İnsanlık, silah sanayisi diye basitçe dillendirilen, ancak gerçekte kendi elleriyle geliştirdiği yakıp yıkma ve yok etme teknolojisinin acı sonuçlarıyla yüz yüze gelmeye başlamıştır. Siyasi, iktisadi ve askeri analistlerin aklı başında olanları, süper güç olarak nitelenen devletlerin, dünyanın üzerindeki canlıları iki bin defa yok edecek nükleer silah gücüne sahip olduklarını belirtiyor. Gelinen bu noktayı, profesyonelliğin gereği olarak çok sakin bir surette dillendirseler de, kulaklarımızın duyduğu karşısında dehşete kapılmamak mümkün değildir. 

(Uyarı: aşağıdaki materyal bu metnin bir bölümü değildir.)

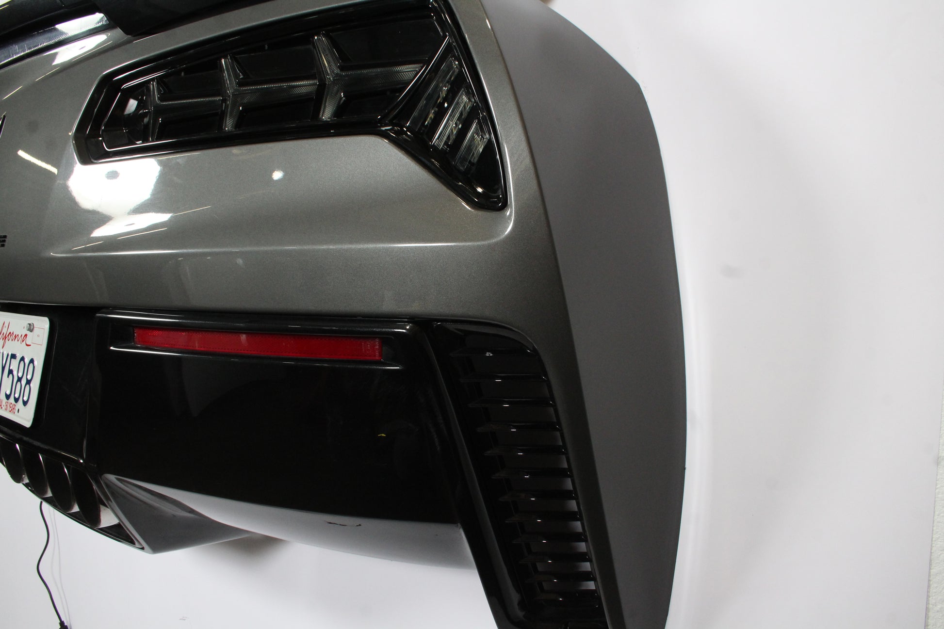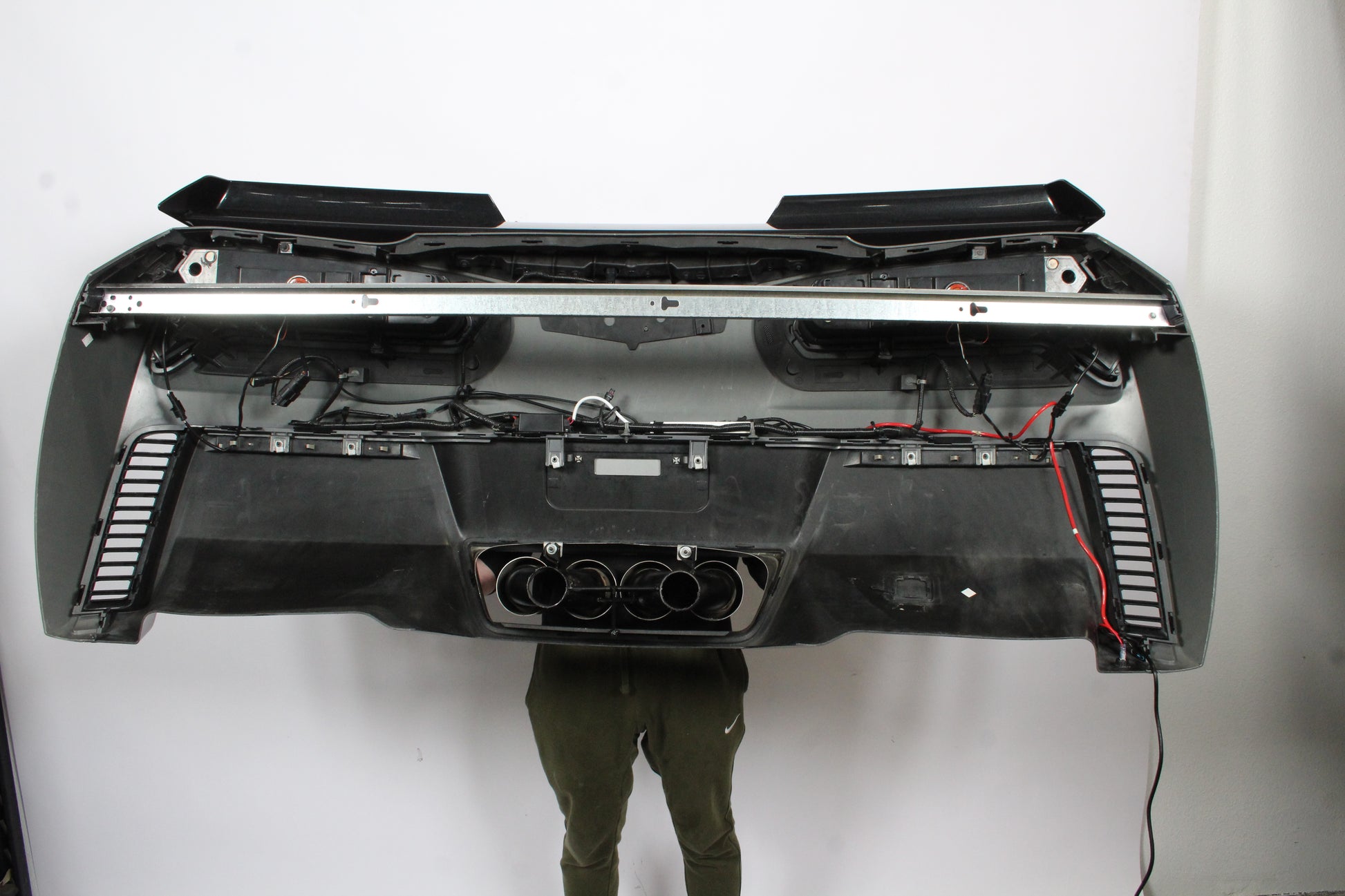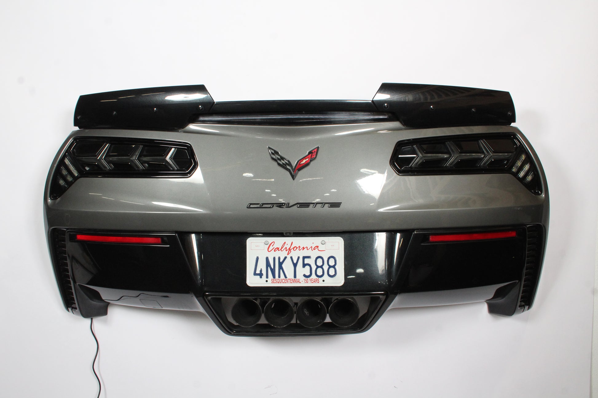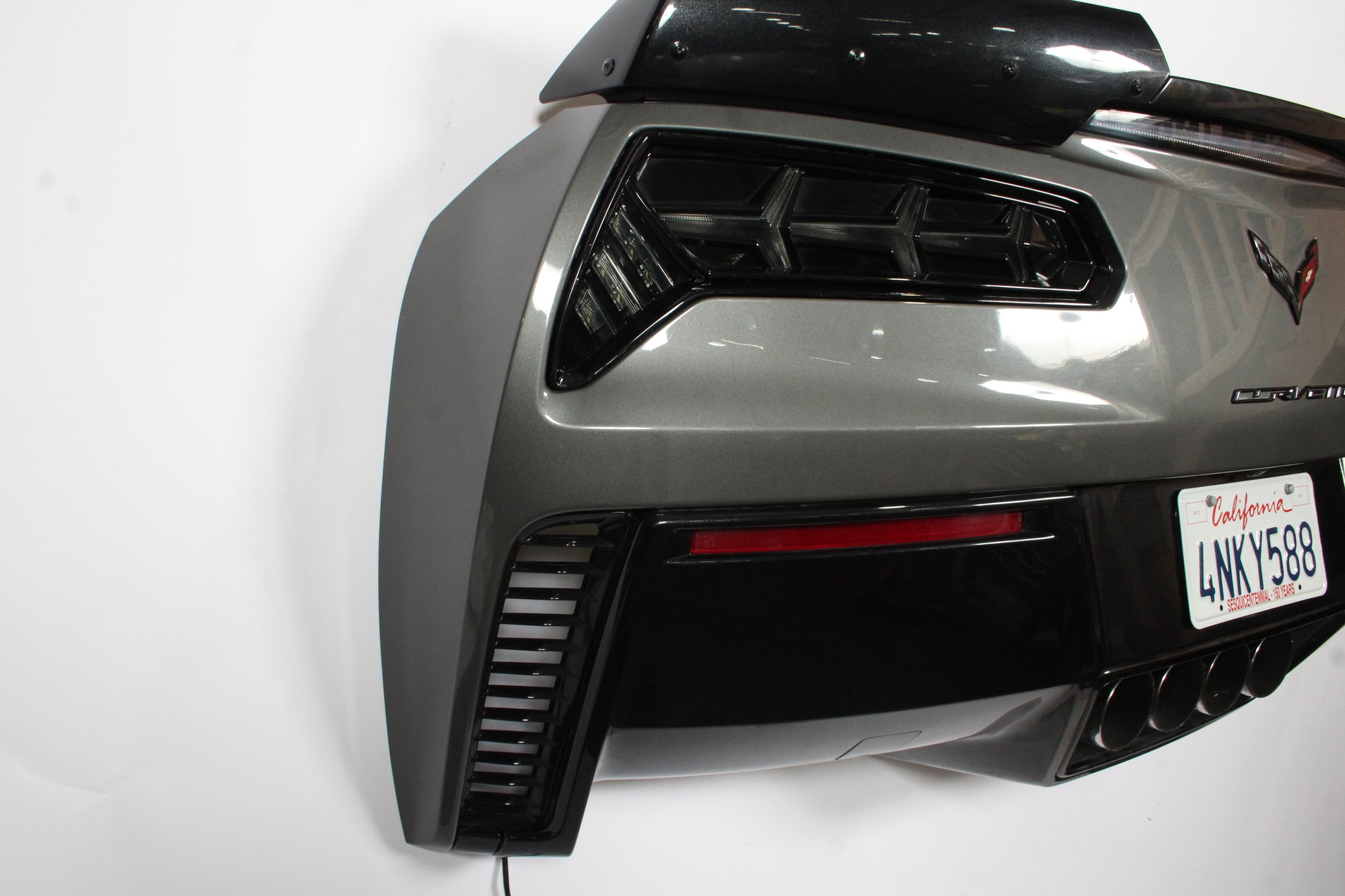 This wall art features a rear bumper cover, third brake light assembly, and exhaust outlets sourced from a C7-generation Chevrolet Corvette. The piece is finished in gray and equipped with remote-controlled aftermarket LED tail lights and incandescent license plate lights. An aluminum wall-mounting bracket supports the back of the piece.

Umalım ki, devletlerin yöneticileri bir akıl tutulması yaşayıp insanlığın ve doğanın felaketine yol açacak bir savaştan kaçınsınlar. En kötü barışın, en başarılı savaştan daha iyi olduğunun bilincinde olsunlar. Ve bir Rumeli türküsünde terennüm edilen “Mezar taşlarını Hasan, koyun mu sandın. Adam öldürmeyi Hasan, oyun mu sandın.” sözlerindeki manayı ciddiye alsınlar.